Evaluators¶

Evaluators define the logic for analyzing messages and generating evaluation metrics. Each evaluator takes individual messages from a dataset and optionally a generated response, then outputs structured results in a table.

Each evaluator has an evaluation mode — either message-level or session-level — that must match the dataset it is used with. When configuring an evaluation run, evaluators whose mode is incompatible with the selected dataset are automatically disabled.

Evaluator Types¶

LLM Evaluator¶

The LLM Evaluator uses language models to evaluate responses based on a custom prompt. This can be used as an LLM-as-judge to evaluate the performance of a chatbot, or to gain insight properties of both the user and assistant messages.

Example prompt:

Rate the helpfulness and accuracy of this response on a scale of 1-5:

User question: {input.content}
Reference answer: {output.content}
Generated answer: {generated_response}

Consider the conversation context: {context.topic}

Template Variables:

The available variables depend on the evaluator's evaluation mode.

Message-level variables¶

Variable	Description
`{input.content}`	The human message content
`{output.content}`	The dataset message's AI response content. This may be an expected/reference answer (for manually created datasets) or the actual AI response (for session-cloned datasets).
`{generated_response}`	The generated response from your chatbot (if generation is enabled)
`{context.[parameter]}`	Any context variable, e.g. `{context.topic}`
`{full_history}`	Complete conversation history as formatted text

Session-level variables¶

In session-level mode, {input.content} and {output.content} are empty. Use the following variables instead:

Variable	Description
`{summary}`	The session snapshot — the full conversation context captured at the time of the last AI message
`{context.[parameter]}`	Any context variable, e.g. `{context.current_datetime}`

Note

Generation is not available for session-level datasets, so {generated_response} is not applicable in session-level prompts.
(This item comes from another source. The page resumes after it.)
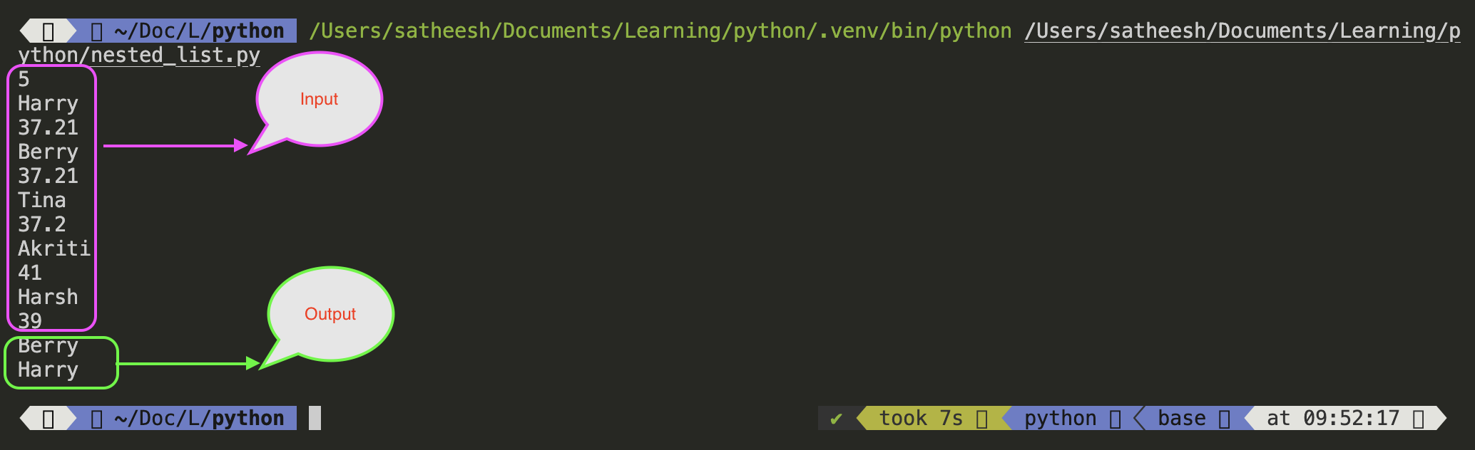 Given the names and grades for each student in a class of N students, store them in a nested list and print the name(s) of any student(s) having the second-lowest grade.

See Evaluation Datasets for how data is mapped into these fields.

Output Schema¶

The output schema defines the metrics that the LLM should attempt to output. Each item in the schema will become a column in the output table. You can specify the data type for each field to ensure structured, validated output.

Available Types:

string: Text output (default behavior)
integer: Whole numbers (e.g., counts, ratings)
float: Decimal numbers (e.g., confidence scores, percentages)
choices (enum): Predefined options from a list

The system automatically validates the LLM's output against the specified types using a dynamically generated schema. If the output doesn't match the expected format, the system will retry up to 3 times before failing, ensuring reliable structured data.

Example Output Schema:

Column Name	Type	Description
expected_helpfulness	integer	The helpfulness, on a scale of 1-5 of the expected assistant message
actual_helpfulness	integer	The helpfulness, on a scale of 1-5 of the actual assistant message
user_sentiment	choices	The sentiment of the user message (options: positive, neutral, negative)
confidence_score	float	Confidence in the evaluation, from 0.0 to 1.0

Tag Rules¶

Tag Rules let you automatically apply tags to sessions or messages when an evaluator output field matches a condition. This makes it easy to surface and filter results — for example, flagging all sessions where the evaluator detected negative sentiment, or marking messages that scored below a threshold.

Tag Rules are available only on LLM evaluators. They run automatically on every non-preview evaluation run. Preview runs do not trigger tag application.

How tags are applied

The target of the tag depends on the evaluator's mode:

Message mode: the tag is applied to the specific chat message being evaluated.
Session mode: the tag is applied to the session's chat.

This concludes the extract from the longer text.